Share your dilemmas and get honest opinions from other Mumsnetters.

AA lied! WWYD?

261 replies

misstrot · 09/05/2023 12:48

I am FUMING! Lies! OMG-please read-sorry it's long-I need advice!
DD (20) hit a small piece of debris on motorway on the way home from uni on the motorway. Car seemed ok but next time she took it out it overheated so we called AA. Patrolman said everything was fine-it just needed oil and water (he filled water but we had to go get the oil) Now DD is a bit nervy driving so she asked was he sure it was ok to drive back to uni (2 hr drive) and he assured her-yes.
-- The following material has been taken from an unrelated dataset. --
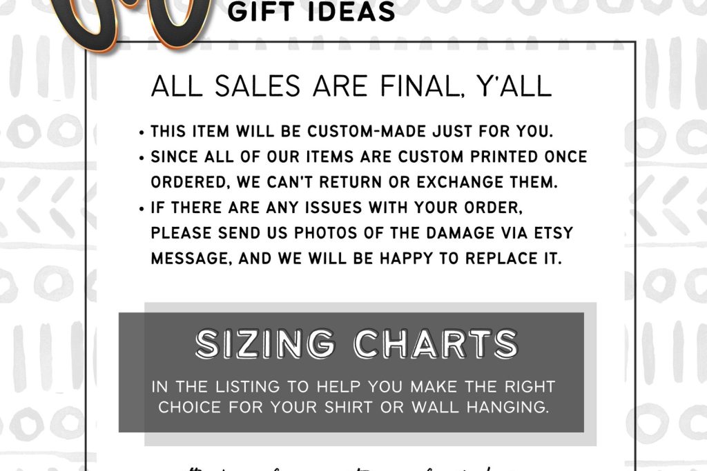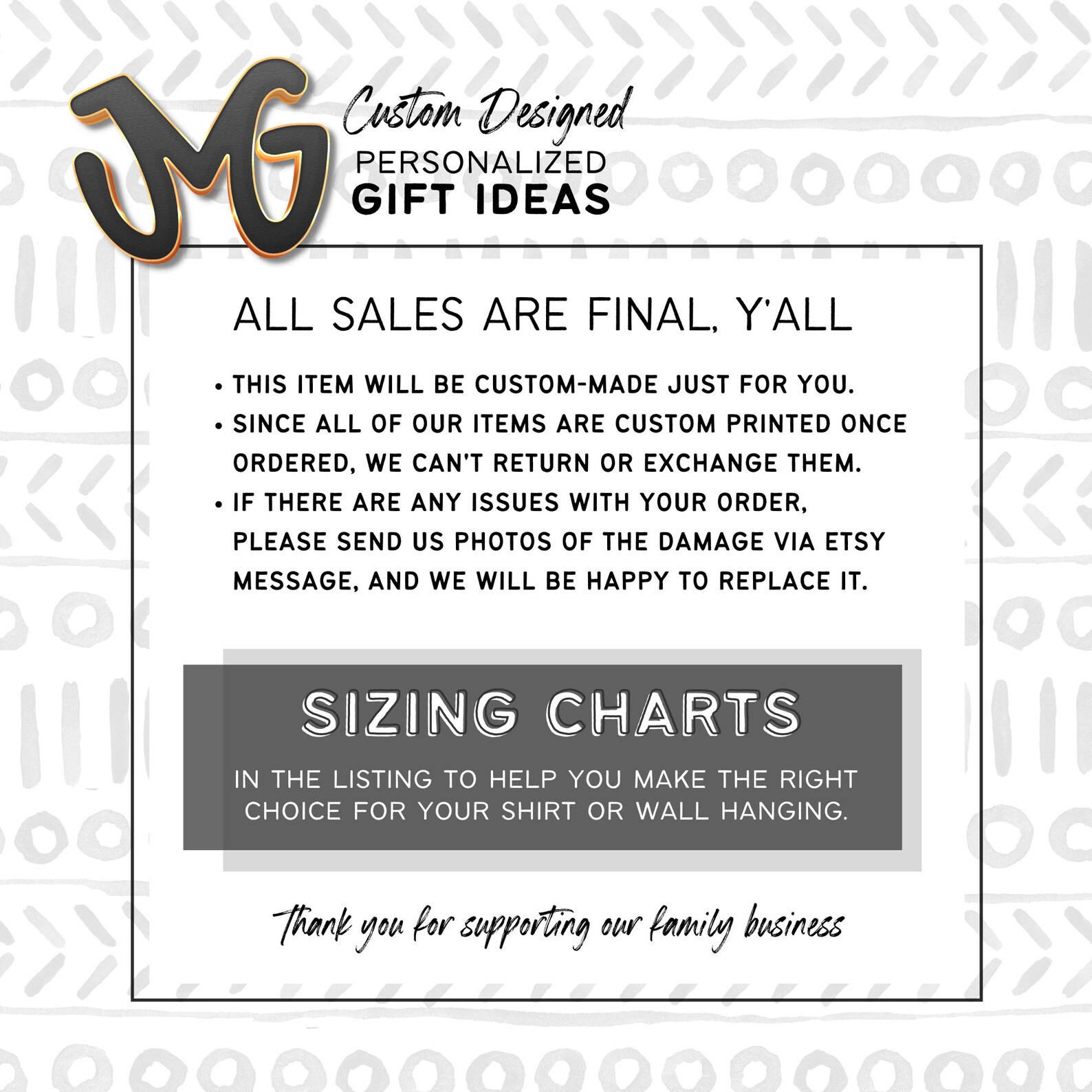 All items are custom-made to order and cannot be canceled, returned, or exchanged. All sales are final, so please double-check that your information, size/color/personalization choices are correct before placing your order. All items are handmade, custom-made to order just for you, and go directly into the production process once they enter our system; therefore, we can9;t make changes or cancellations once your order has been placed. Thank you for understanding.

Then I asked him and he said he 'wouldn't send a young girl onto the motorway in the car if he didn't believe the car was perfectly safe and roadworthy' Enter DH who asks him is he sure ok-doesn't need to be checked at the garage as his DD is very precious and he wants her to be safe etc-again AA reiterates 'all safe-all roadworthy-doesn't need anything doing"- I follow him to the van to input my email/sign attendance from and he tells me no need.
You guessed it-she goes back to uni and breaks down on the M4 in bad weather (it takes 5+ hours for them to send a recovery truck and she is traumatised!)
We get the car delivered back here and ask a local garage to come and look. The garage owner states the car had a severe water leak (the AA didn't pressure test the system) which has caused car to overheat and blown the head gasket-so dead. Bearing in mind DD worked and saved up all summer and only bought the car in August- from a reputable National chain and paid £4000 (it's a little mini) she is devastated.
Ok, so we send report to AA and ask for compensation/new (2nd hand) engine for car. They send an 'Independant Assessor' (paid for by AA and does most of his work for AA so not really independent!?) who literally spends 4 mins taking photos -opens the bonnet and says the head gasket has gone and leaves. His report states that it was our fault for driving it as the head gasket had gone (for clarity it was fine before-no smoke from exhaust and only had a full service and 120 point check in August etc)
The AA then state the patrolman informed us that the car was not roadworthy and should be taken to a garage so they don't hold liability!!!!!! WTF! A complete LIE and 360 on what he said to us. Sadly too late to download Ring doorbell footage to support us -as its gone and he never sent us an emailed report stating what he did or advised-normal protocol. Help! What can I do?

OP posts:
YaWeeFurryBastard · 09/05/2023 17:51

Enter DH who asks him is he sure ok-doesn't need to be checked at the garage as his DD is very precious and he wants her to be safe

He was probably eyerolling so hard at this he gave the wrong info 😂😂

Seriously though sorry to hear this OP, probably worth seeing if you can take it any further as I agree it doesn’t sound right.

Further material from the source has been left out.